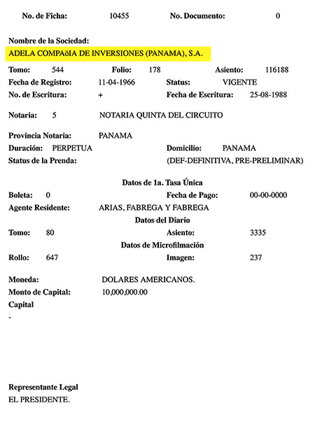 Como su nombre lo indica, el Registro Público de Panamá, que tan famoso se hizo desde el estallido de los Panama Papers, es de acceso público. Allí aparece una sociedad muy simbólica en términos históricos y poco conocida en estas causas. Su nombre es Adela Compañía de Inversiones SA, un consorcio creado por capitales norteamericanos en 1966 para inyectar dinero en América Latina en el marco de la Guerra Fría. Según el registro panameño, Adela tiene duración “perpetua” y está “activa” con un capital declarado curiosamente importante: 10.000.000,00 dólares, un número poco frecuente en los archivos de otras sociedades offshore de ese país que muestran usualmente cifras de 1.000 dólares. El “presidente” de la compañía, de acuerdo a ese registro, es Miguel Angel Egea, que a la vez aparece como su “representante”. En el directorio están Norma Beatriz Radice y otros nombres asociados a ellos en otras empresas de Buenos Aires como Darío Jesús Orozco Acuña.
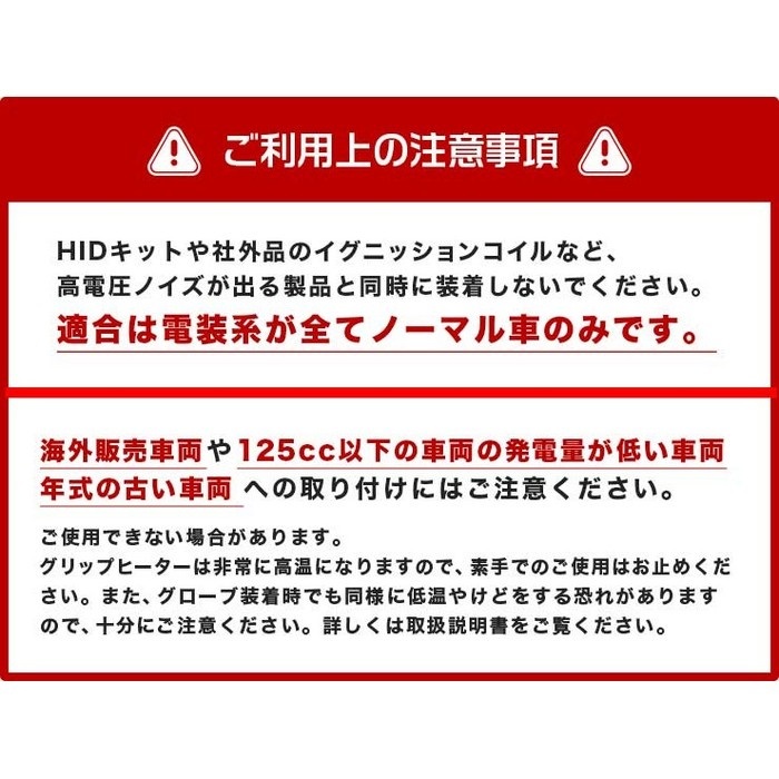 ●グリップヒーターは非常に高温になりますので、素手でのご使用はお止めください。
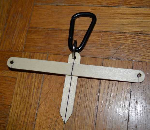 Lugar el anillo en el orificio del palo corto y el mosquetón enganchado en el anillo.

## TASK TO COMPLETE
Please copy the data above exactly, omitting the pictures.

## ANSWER TO THIS EXERCISE
 Como su nombre lo indica, el Registro Público de Panamá, que tan famoso se hizo desde el estallido de los Panama Papers, es de acceso público. Allí aparece una sociedad muy simbólica en términos históricos y poco conocida en estas causas. Su nombre es Adela Compañía de Inversiones SA, un consorcio creado por capitales norteamericanos en 1966 para inyectar dinero en América Latina en el marco de la Guerra Fría. Según el registro panameño, Adela tiene duración “perpetua” y está “activa” con un capital declarado curiosamente importante: 10.000.000,00 dólares, un número poco frecuente en los archivos de otras sociedades offshore de ese país que muestran usualmente cifras de 1.000 dólares. El “presidente” de la compañía, de acuerdo a ese registro, es Miguel Angel Egea, que a la vez aparece como su “representante”. En el directorio están Norma Beatriz Radice y otros nombres asociados a ellos en otras empresas de Buenos Aires como Darío Jesús Orozco Acuña.
 ●グリップヒーターは非常に高温になりますので、素手でのご使用はお止めください。
 Lugar el anillo en el orificio del palo corto y el mosquetón enganchado en el anillo.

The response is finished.